You have more info about the inflated token use? I’m using codex cli a bunch now, but the reported token usage seems like an order of magnitude higher than, say Claude code with opus.

Idk if it’s because I set codex to xhigh reasoning, but even then it still seems way higher than Claude. The input/output ratio feels large too, eg I have codex session which says ~500M in / ~2M out.

▲

moralestapia 10 hours ago | parent [-]

I wish I had hard evidence but it is mostly an observation. I do use Codex a lot and I felt a drastic change from like one-two months ago to this day.

It used to give me precise answers, "surgical" is how I described it to my friends. Now it generates a lot of slop and plenty of "follow ups". It doesn't give me wrong answers, which is ok, but I've found that things that used to take 3-4 prompts now take 8-10. Obviously my prompting skills haven't changed much and, if anything, they've become better.

This is something that other colleagues have observed as well. Even the same GPT5.4 model feels different and more chatty recently.
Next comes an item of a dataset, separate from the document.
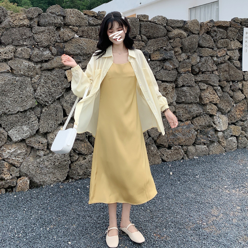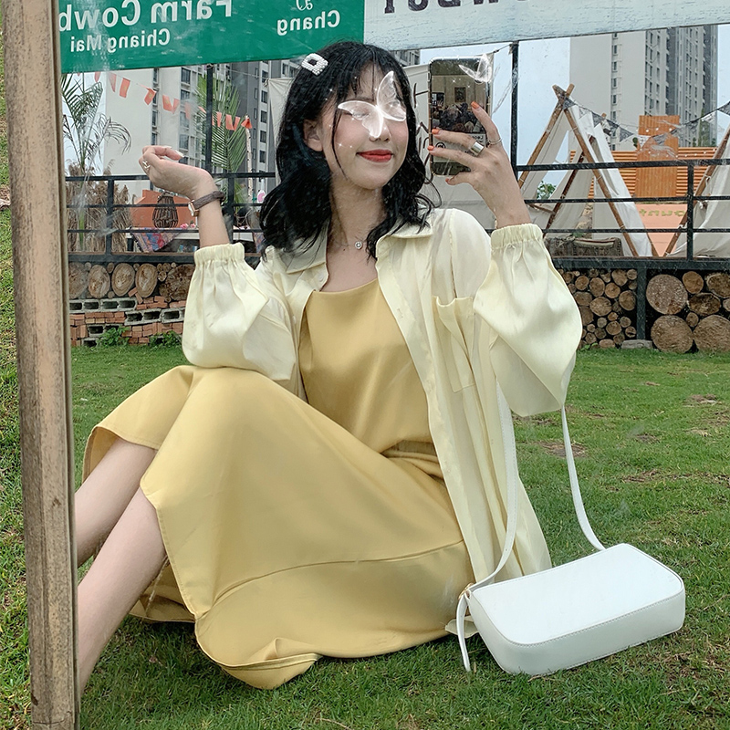 Spring 2021 nian new French sling Yangpai of early spring sen xi may Salt sweet light ripe wind dress sub-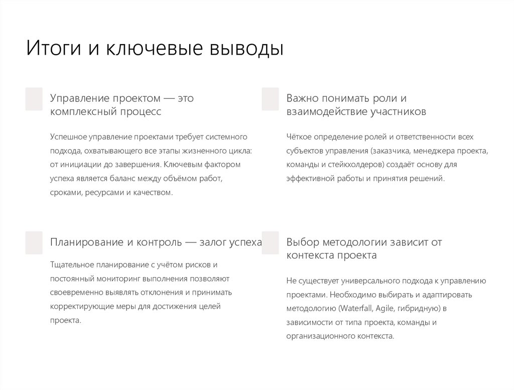 Итоги и ключевые выводыУправление проектом — это

Btw, I think their version numbers mean nothing, no one can be certain about the model that is actually running on the backend and it is pretty evident that they're continuously "improving" it.

	▲	SpicyLemonZest 7 hours ago \| parent [-]
		I haven't had the time to fully hash this take out, but a big question in the back of my mind has been - is it possible that AI model improvements come partly from finding overhang in things that look hard and impressive to humans but are actually trivial consequences of the training data? If true, then the observable performance of any widely distributed model could get worse over time as it "mines out" the work that's easy for it to do.